I have a bed file with peaks called on chipseq data with each line in the format,
1 15520461 15520630 samplex_peak_1
I want to count reads across the peaks called using htseq count. I am new to using HTSeq count, I have installed the package and I'm trying to edit the count.py script. I came across class HTSeq.BED_Reader, and I have edited the following part of the code:
bed = HTSeq.BED_Reader( bed_filename )
I = 0
try:
for f in bed:
if f.type == feature_type:
try:
feature_id = f.attr[ id_attribute ]
except KeyError:
raise ValueError, ( "Feature %s does not contain a '%s' attribute" %
( f.name, id_attribute ) )
if stranded != "no" and f.iv.strand == ".":
raise ValueError, ( "Feature %s at %s does not have strand information but you are "

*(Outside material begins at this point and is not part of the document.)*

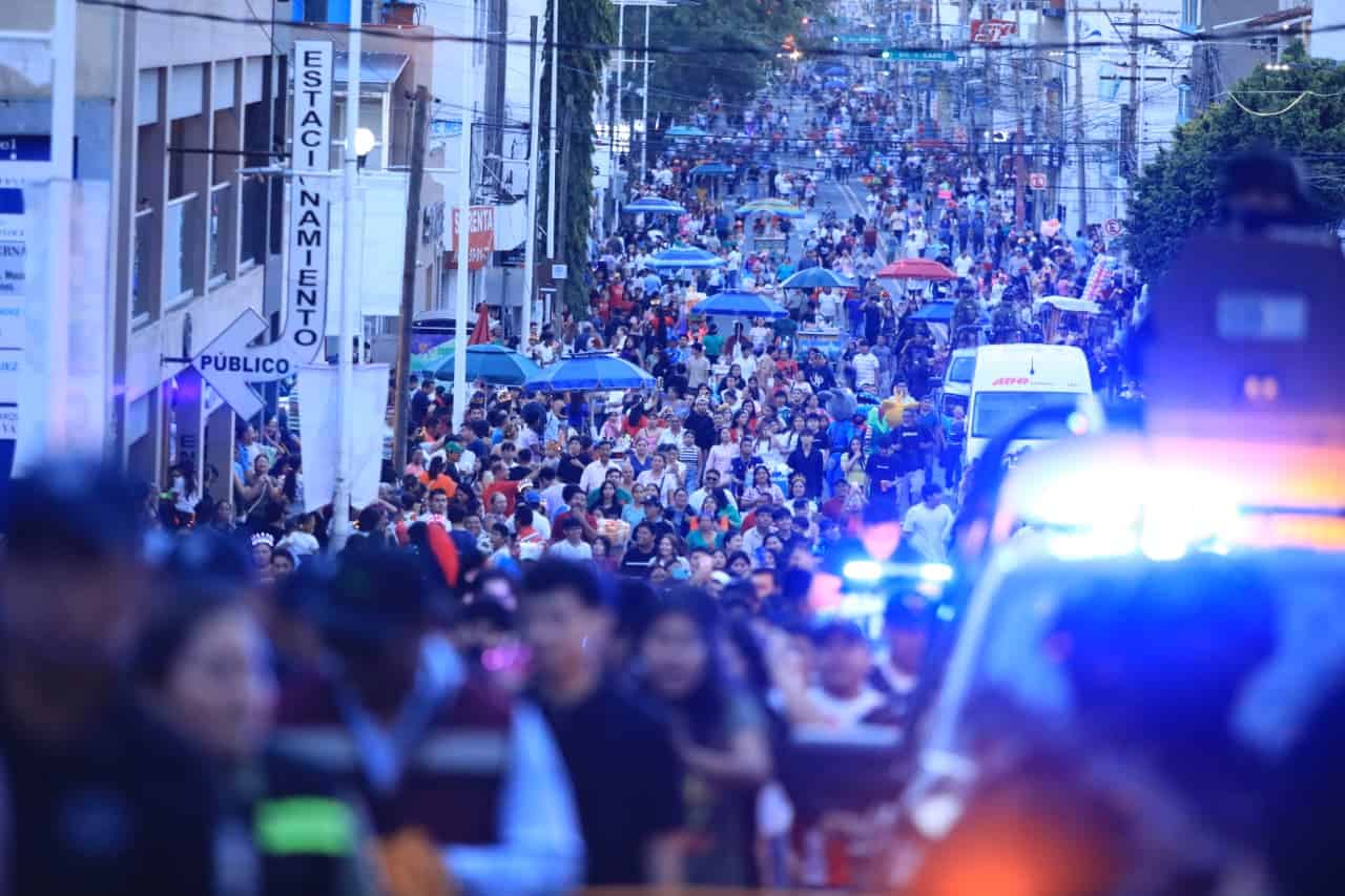 • La avenida Gregorio Méndez Magaña fue un río humano de alegría y júbilo al paso de la joven Fátima Bosch Fernández, quien relució en un vestido rosa

"running htseq-count in stranded mode. Use '--stranded=no'." %
( f.name, f.iv ) )
features[ f.iv ] += feature_id
counts[ f.attr[ id_attribute ] ] = 0
I += 1
if I % 100000 == 0 and not quiet:
sys.stderr.write( "%d BED lines processed.\n" % I )
except:
sys.stderr.write( "Error occured when processing BED file (%s):\n" % bed.get_line_number_string() )
raise
if not quiet:
sys.stderr.write( "%d BED lines processed.\n" % I )
I'm not sure what parameters to pass for feature type and id attribute. Also, I'm not sure if other parts of the code need to be edited. Could any one help me with this? Thanks!